Exploring YouTube Drawing Tutorials with ARCore
Lately, there’s been a lot of cool examples of developers using augmented reality to help people tap into their creative side. Whether that’s using AR to make art on a sketchpad, AR-enabled coloring books, or using AR to make art in the 3D space around you, something really delightful happens when you merge sketchpad and screen.
It got me thinking about how AR could help me with one of my new artistic hobbies: learning hand lettering. Hand lettering is a nice way to relax, but it’s also surprisingly tricky. Making lovely transitions between words and letters involves a lot of subtle tweaks: holding the pen correctly, applying pressure effectively, and making the correct arc shapes on the letterforms. Everything between your shoulder and the paper matters.
Without an IRL hand lettering teacher, my options were learning from worksheets or videos — but neither of them were exactly what I wanted. Printed worksheets help with the broad strokes (no pun intended) — but for me, their step-by-step nature, divorced from the artist’s hand, doesn’t provide all that extra, subtle information that I find so useful. (Further, not all of my favorite hand letterers even have the bandwidth to make worksheets.) And while video tutorials have all that juicy detail, they have their own problem: namely, that I have to keep looking back and forth between what I’m doing and what’s on the screen. As you might expect, that doesn’t usually end well.
After I lamented about several failed holiday cards at work, a few of us started talking about this back-and-forth glancing between the video and the notepad. We wondered: what if instead of having to choose between worksheets or videos, we could use AR and see those videos on the page in front of us? What would it be like to take some of these already-made YouTube tutorials around doodling, hand-lettering, and calligraphy, and draw along with them in AR? Could we crack open some cool learning experiences, without any extra effort on the video creator’s part? And what could we learn about AR video UX in the process? We decided to test it out and share the results.
To get insight from an expert, we invited the prolific doodler AmandaRachLee to come and help us find out. We were already fans of her, and we’re not alone: she has 1.3 million subscribers to her channel, which is all about breaking down the sometimes-tricky processes of calligraphy, drawing, and bullet-journaling into super-accessible pieces. Her friendly and helpful teaching style has cultivated a massive community of folks actively reproducing, practicing with, and remixing designs from her videos to make their own unique creations.
Read on to see how we made our prototype, what it felt like to use it, and some of the best practices and UI/UX affordances we found helpful along the way, which you might want to take for your own projects.
Making the prototype
There were a few technical considerations early on, before we even started thinking about UI/UX of YouTube in AR: placing the video on paper; retaining very high fidelity tracking; and getting YouTube videos in Unity.

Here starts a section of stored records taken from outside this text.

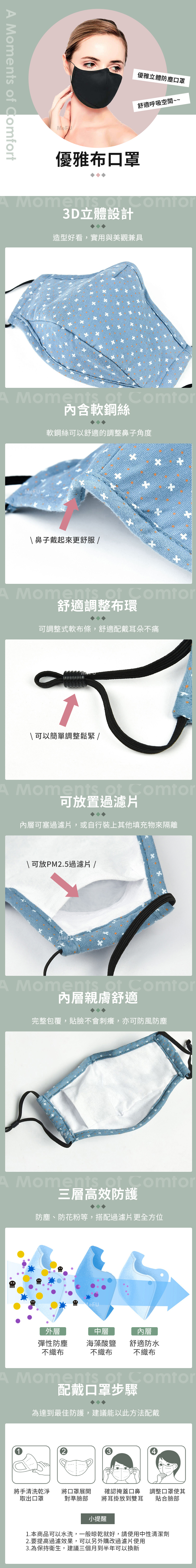 ✅棉質彈力耳帶,不壓耳,鼻樑部分,軟性金屬壓條,確保舒適貼合。
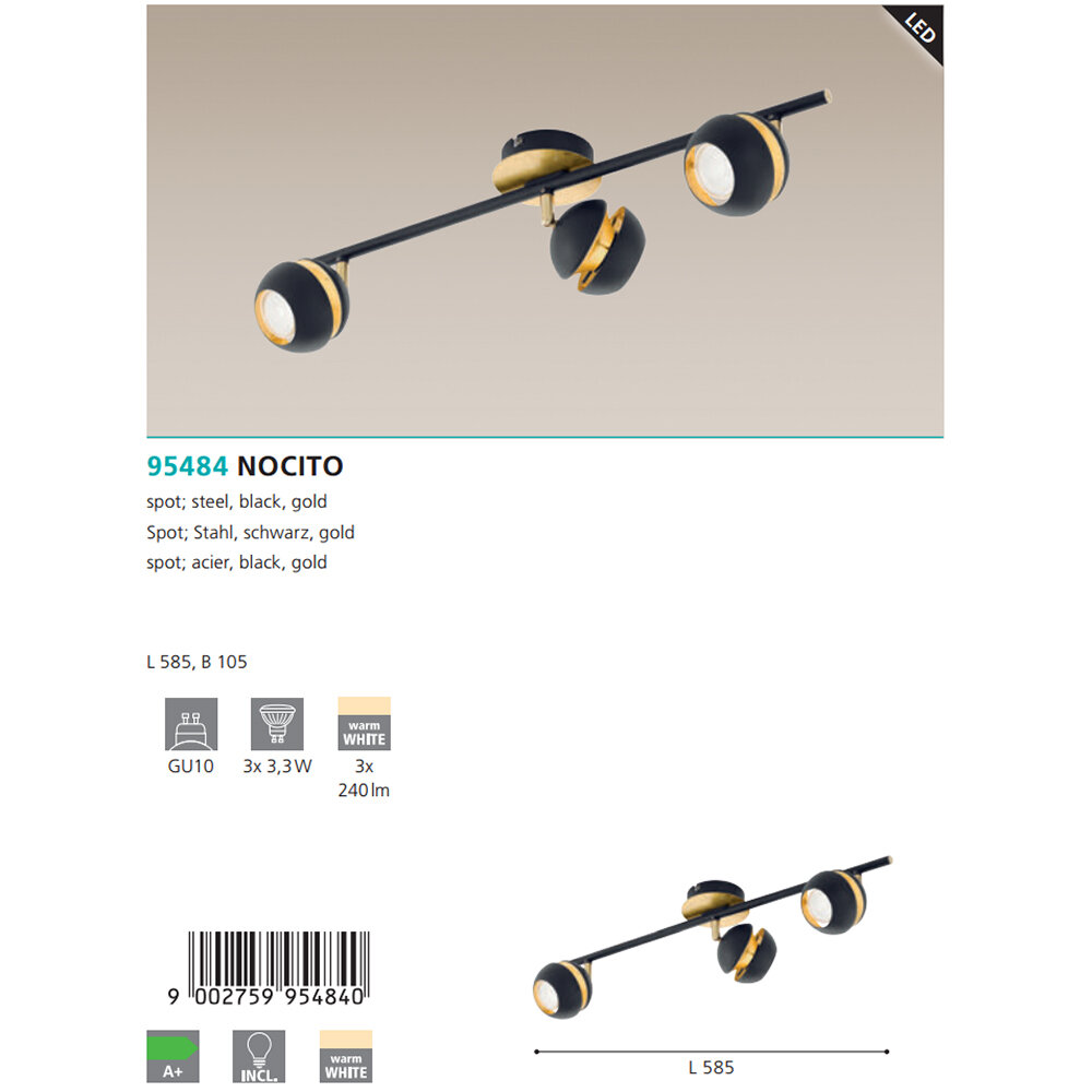 Спот NOCITO 3X4Вт GU10 (LED) сталь, черный, золотистый, L585 B105 мм.
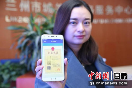 圖為蘭州一家公司代表展示申領(lǐng)的電子營業(yè)執(zhí)照。(資料圖) 史靜靜 攝
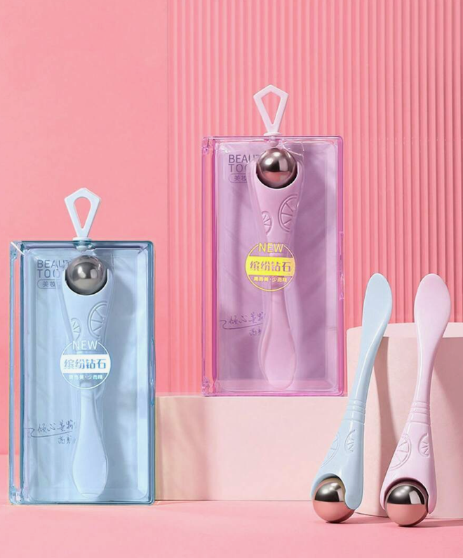 Este masajeador para el contorno de ojos combina una bola metálica efecto frío con una espátula aplicadora para mejorar tu rutina facial de forma práctica e higiénica.

Placing the video on paper
In order to set up our AR world, we set up a new Unity ARCore project. From there, we were able to jump off from the HelloAR example very easily. In the HelloAR example, there’s code to handle finding and visualizing planes, as well as handle raycasting to anchor virtual objects on those surfaces. All we had to do was replace the default prefab with our AR video “tracing paper” (we’ll get more in depth on that asset below).
However, while placing the video is easy, keeping it in place — especially for a use case as precise as drawing — brings in some complexity.
Retaining very high fidelity tracking
Drawing is a tricky use case for augmented reality, because typically, we want to draw on smooth, blank surfaces — but a smooth, blank surface is frequently kryptonite for AR.
An AR app typically gets its understanding of the world by detecting what are called feature points. A feature point is any visually distinct feature in the captured camera image that can help the AR app orient itself. Areas that have unique textures, contours, and/or color changes make good feature points. It’s a bit similar to trying to orient yourself in an unfamiliar place in pitch blackness versus on a sunny day: it’s much harder to keep track of where you are if you have no distinct points to orient yourself with.
The thing about a sketchpad is that it typically has no feature points by design: it’s meant to be blank, flat, and uniform. So what can the AR app grab on to in order to orient itself precisely? And heavy emphasis on “precisely,” because the level of AR accuracy that you need to trace something is super high. While you might not notice if an AR chair in your living room shifts an inch or two, that amount of movement while trying to trace a drawing is massive.
This problem of high-fidelity tracking is one that AR developers have tackled in many different ways. Here are just a few of the many techniques that can help compensate:
- Locking the image to a point on-screen. Some AR art developers have bypassed all tracking issues by simply locking whatever image you want to trace to a particular screen location. It’s almost like a camera lucida (which is what one popular AR drawing app is named after). This technique typically requires a perfectly still camera, though (e.g. a tripod), and we knew we wanted our UX to support folks holding their phone in their hands and rotating, zooming, and dramatically changing viewing angles on the fly.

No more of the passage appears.